Compression of random binary data

Sat Oct 28 20:32:52 EDT 2017

On Sun, 29 Oct 2017 07:03 am, Peter Pearson wrote:

> On Thu, 26 Oct 2017 19:26:11 -0600, Ian Kelly <ian.g.kelly at gmail.com> wrote:
>>
>> . . . Shannon entropy is correctly calculated for a data source,
>> not an individual message . . .
> 
> Thank you; I was about to make the same observation.  When
> people talk about the entropy of a particular message, you
> can bet they're headed for confusion.

I don't think that's right. The entropy of a single message is a well-defined
quantity, formally called the self-information. The entropy of a data source
is the expected value of the self-information of all possible messages coming
from that data source.

https://en.wikipedia.org/wiki/Self-information

We can consider the entropy of a data source as analogous to the population
mean, and the entropy of a single message as the sample mean. A single
message is like a sample taken from the set of all possible messages.
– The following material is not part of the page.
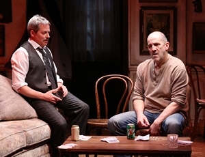 First staged at the National in London in 2006 and on Broadway the following year, The Seafarer revolves around five poker-playing, Irish drunks who end up at the ramshackle, broken-down home of the Harkin brothers for a Christmas Eve of cards, debauchery and Mephistophelian revelations. The younger Harkin brother, Sharky' (a superb Andy Murray), has returned home to care for his now blind, older brother Richard (the relentlessly critical Colin McPhillamy) who lost his sight recently after falling into a dumpster. Sharky's at loose ends after being let go from his job as a chauffeur to a wealthy couple after becoming a bit too fond of the wife. He's also trying not to drink which becomes problematic when a party of sorts materializes in the form of Richard's bumbling friend Ivan Curry (deliciously played by Michael Mellamphy) who's lost his glasses in his stupor from the night before, along with Nicky Giblin (the handsome yet feckless Tim Ruddy) and his friend Mr. Lockhart (stage and screen star Matthew Broderick). Adding tension to the evening is the fact Nicky is now living with Sharky's ex and driving Sharky's car. His friend Mr. Lockhart recognizes Sharky and the evening's stakes get ratcheted up when Lockhart is revealed to be more than he appears. After several questionable outings on Broadway and off-Broadway in recent years, it's a pleasure to report Matthew Broderick is giving a taught, understated performance as Mr. Lockhart, complete with a solid Irish brogue. Since he spent his childhood summers in Ireland and owns a vacation home there with his family, the Irish rhythms and cultural milieu have obviously rubbed off on him which only contributes to his carefully modulated characterization. Where Ciaran Hinds, who played Lockhart on Broadway in 2007, had a more menacing streak, Broderick employs a more everyman' quality to his portrayal that fits seamlessly with O'Reilly's far more humorous production. When he finally turns angry at the play's climax, his eyes flash with the kind of rage that could burn the theatre to the ground. It's nice to see Broderick back in top form despite the observation his star' presence throws off the balance of the ensemblebut only slightly. Famously, Jim Norton won both the Olivier and Tony Award for his tart, peevish portrayal of older brother Richard in The Seafarer. In the Irish Rep revival, Colin McPhillamy is similarly wondrously irritating, but there's more balance with Andy Murray who portrays his younger brother, Sharky. In a revelatory performance, Murray, who resembles the action-star Jason Statham, quickly realizes the trouble he's in with Lockhart. As his desperation turns to resignation, his portrayal of a man who's run out of chances is as heartbreaking as it is chilling. As McPhillamy's criticisms and insults mount, you can visibly see Murray physically and emotional wince at his brother's pointed barbs. His face at the play's conclusion reflects the kind of redeeming grace we could all use more of in these troubled times. As the flowers and trees begin to bloom, you may not think you want to see an Irish tale of alcoholism, loss and redemption, but you'd be wrong.
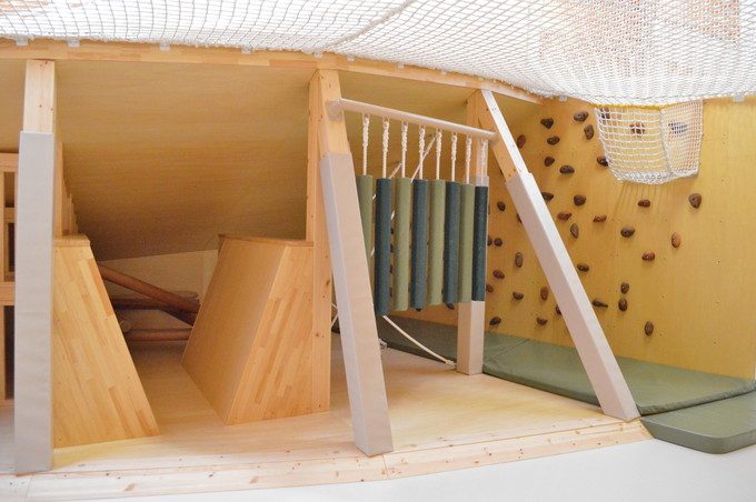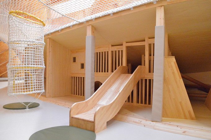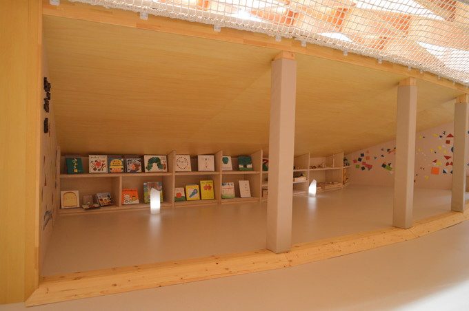 上のすべり台の下はさらに回り込むことができ、絵本などがある小さい子ども用のスペースになっていました。

Self-information is sometimes also called "surprisal" as it is a measure of
how surprising an event is. If your data source is a coin toss, then actually
receiving a Heads has a self-information ("entropy") of 1 bit. That's not
very surprising. If your data source is a pair of fair, independent dice,
then the self-information of receiving a two and a four is 5.170 bits. Its a
logarithmic scale, not linear: if the probability of a message or event is p,
the self-information of that event is log_2 (1/p) bits.

-- 
Steve
“Cheer up,” they said, “things could be worse.” So I cheered up, and sure
enough, things got worse.